═════ RECORDS SUPPLIED ═════
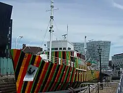 - “Dazzle Ship London”, by Tobias Rehberger, on HMS President on the River Thames.[4]
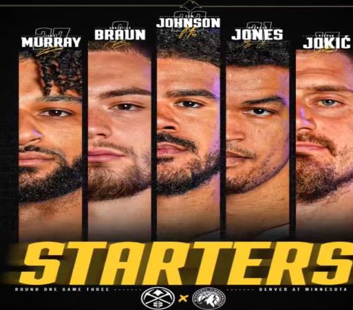 首發(fā)陣容方面,掘金隊(duì)這邊,戈登和沃特森同時(shí)缺陣,教練排出的首發(fā)五人組為:賈馬爾-穆雷、布勞恩、約翰遜、斯賓塞-瓊斯、約基奇;森林狼這邊,愛德華茲繼續(xù)帶傷出戰(zhàn),首發(fā)陣容則為:迪溫琴佐、愛德華茲、麥克丹尼爾斯、蘭德爾、戈貝爾。
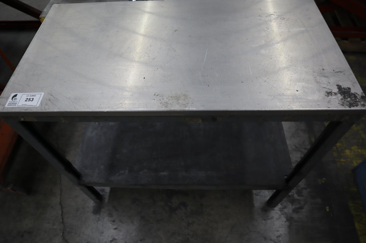 Lot 253: Metal Table w LOwer Shelf Manufacturer: Generic Model: Generic Main Unit Approx Weight: 0.00 lbs Main Unit Dimensions (in inches): Length: 40.50" Width: 21.50" Height: 35.00" Seller Company: Aljon Tool, Inc. Seller Contact: Machinesused.com Aljon Phone: (763) 745-1166 Item Location: Aljon Tool, Inc., 15700 28th. Ave. No., Plymouth, MN 55447 Location Contact: Machinesused.com Aljon Phone: (763) 745-1166 Inspection Date & Time: Thursday-Friday, February 19-20, 2026 9AM-4PM Dock Door: 12' x 14' H Door Ground Level Doors Loading Dock: Ground Level and Truck Cock Level Doors Removal Dates and Times: This item must be removed between Monday, March 2, 2026 and Friday, March 6, 2026
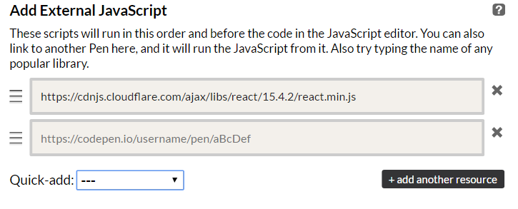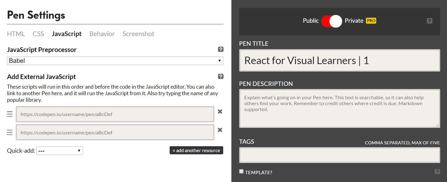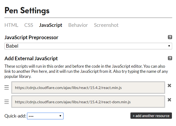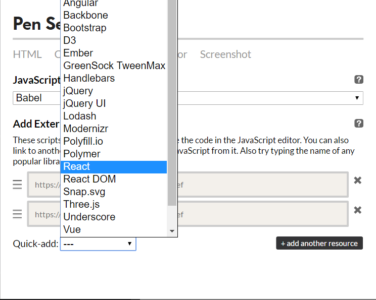 Now that we have added and explained Babel, we will need to add React as an external library to our pen.
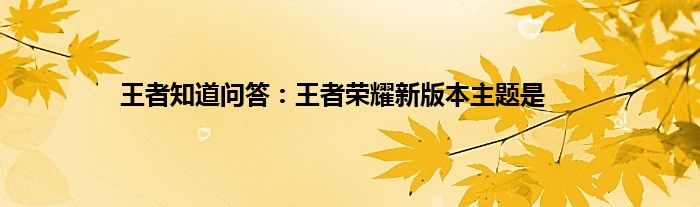小编今天给各位玩家朋友们带来的是王者知道问答:王者荣耀新版本主题是,有记得的玩家朋友吗?不记得也没有关系,小编已经帮助大家把王者知道问答:王者荣耀新版本主题是找了出来,你只需要动动你的小手就可以轻松知道啦,快来瞧一瞧吧。
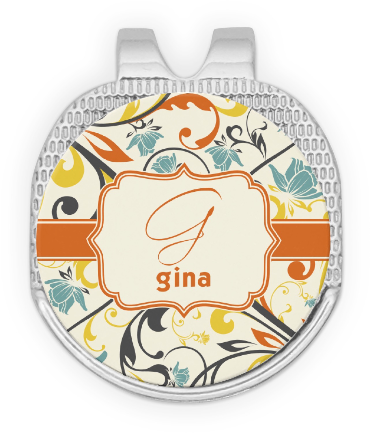 The design combines green, blue, and yellow flowers with swirls of black. The floral pattern is set on a background of white to showcase the print. The design has a classic ribbon in orange trimmed in white. The decorative white label is trimmed in orange. Add an initial and a name for that personal touch to pull the entire design together.
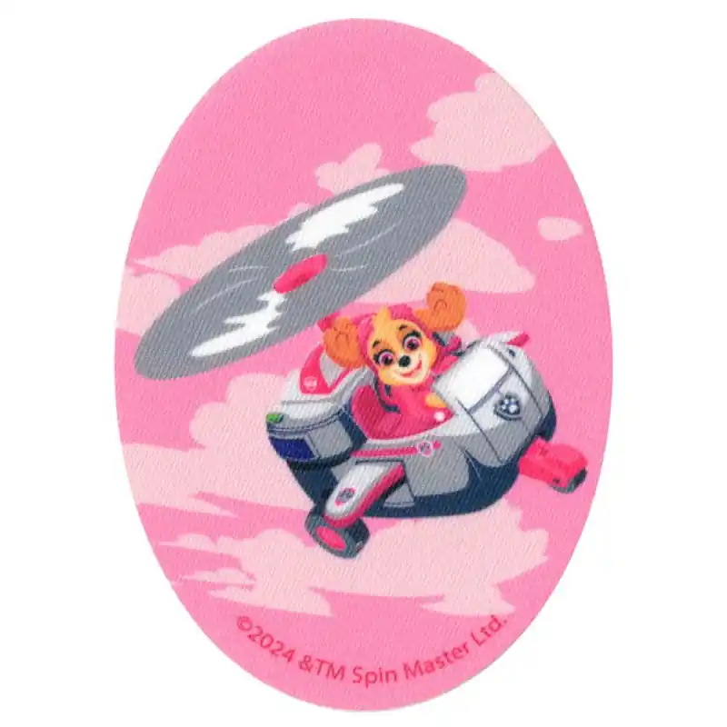 L’applicazione è rapida e semplice con il ferro da stiro, senza bisogno di cucire. Il design mostra Skye che pilota il suo caratteristico elicottero su un cielo rosa con nuvole, trasmettendo avventura, simpatia e dinamismo.
═════
▶ _WHAT THE TASK ASKS_: Would you output the data exactly, without any of its images?

▶ _EXERCISE SOLUTION_:
 - “Dazzle Ship London”, by Tobias Rehberger, on HMS President on the River Thames.[4]
 首發(fā)陣容方面,掘金隊(duì)這邊,戈登和沃特森同時(shí)缺陣,教練排出的首發(fā)五人組為:賈馬爾-穆雷、布勞恩、約翰遜、斯賓塞-瓊斯、約基奇;森林狼這邊,愛德華茲繼續(xù)帶傷出戰(zhàn),首發(fā)陣容則為:迪溫琴佐、愛德華茲、麥克丹尼爾斯、蘭德爾、戈貝爾。
 Lot 253: Metal Table w LOwer Shelf Manufacturer: Generic Model: Generic Main Unit Approx Weight: 0.00 lbs Main Unit Dimensions (in inches): Length: 40.50" Width: 21.50" Height: 35.00" Seller Company: Aljon Tool, Inc. Seller Contact: Machinesused.com Aljon Phone: (763) 745-1166 Item Location: Aljon Tool, Inc., 15700 28th. Ave. No., Plymouth, MN 55447 Location Contact: Machinesused.com Aljon Phone: (763) 745-1166 Inspection Date & Time: Thursday-Friday, February 19-20, 2026 9AM-4PM Dock Door: 12' x 14' H Door Ground Level Doors Loading Dock: Ground Level and Truck Cock Level Doors Removal Dates and Times: This item must be removed between Monday, March 2, 2026 and Friday, March 6, 2026
 Now that we have added and explained Babel, we will need to add React as an external library to our pen.
小编今天给各位玩家朋友们带来的是王者知道问答:王者荣耀新版本主题是,有记得的玩家朋友吗?不记得也没有关系,小编已经帮助大家把王者知道问答:王者荣耀新版本主题是找了出来,你只需要动动你的小手就可以轻松知道啦,快来瞧一瞧吧。
 The design combines green, blue, and yellow flowers with swirls of black. The floral pattern is set on a background of white to showcase the print. The design has a classic ribbon in orange trimmed in white. The decorative white label is trimmed in orange. Add an initial and a name for that personal touch to pull the entire design together.
 L’applicazione è rapida e semplice con il ferro da stiro, senza bisogno di cucire. Il design mostra Skye che pilota il suo caratteristico elicottero su un cielo rosa con nuvole, trasmettendo avventura, simpatia e dinamismo.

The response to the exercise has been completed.